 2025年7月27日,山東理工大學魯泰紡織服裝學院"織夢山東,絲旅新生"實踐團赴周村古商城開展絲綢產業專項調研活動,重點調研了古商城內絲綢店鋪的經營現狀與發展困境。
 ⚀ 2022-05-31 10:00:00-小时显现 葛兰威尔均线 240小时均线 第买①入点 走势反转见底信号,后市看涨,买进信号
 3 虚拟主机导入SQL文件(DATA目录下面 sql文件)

* * *

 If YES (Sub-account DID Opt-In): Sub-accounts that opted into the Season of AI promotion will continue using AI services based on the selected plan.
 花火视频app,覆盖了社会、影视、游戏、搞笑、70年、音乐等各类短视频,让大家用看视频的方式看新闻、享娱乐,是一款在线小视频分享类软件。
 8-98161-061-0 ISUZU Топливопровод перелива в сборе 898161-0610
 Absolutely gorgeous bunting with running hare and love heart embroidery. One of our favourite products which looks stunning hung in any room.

**Assignment**
Going back to the entries above, set down exactly the lines that begin at the one with "花火视频app,覆盖了社会、" and end at the one with "Absolutely gorgeous bunting", both included, and nothing else.

**Response below**
 花火视频app,覆盖了社会、影视、游戏、搞笑、70年、音乐等各类短视频,让大家用看视频的方式看新闻、享娱乐,是一款在线小视频分享类软件。
 8-98161-061-0 ISUZU Топливопровод перелива в сборе 898161-0610
 Absolutely gorgeous bunting with running hare and love heart embroidery. One of our favourite products which looks stunning hung in any room.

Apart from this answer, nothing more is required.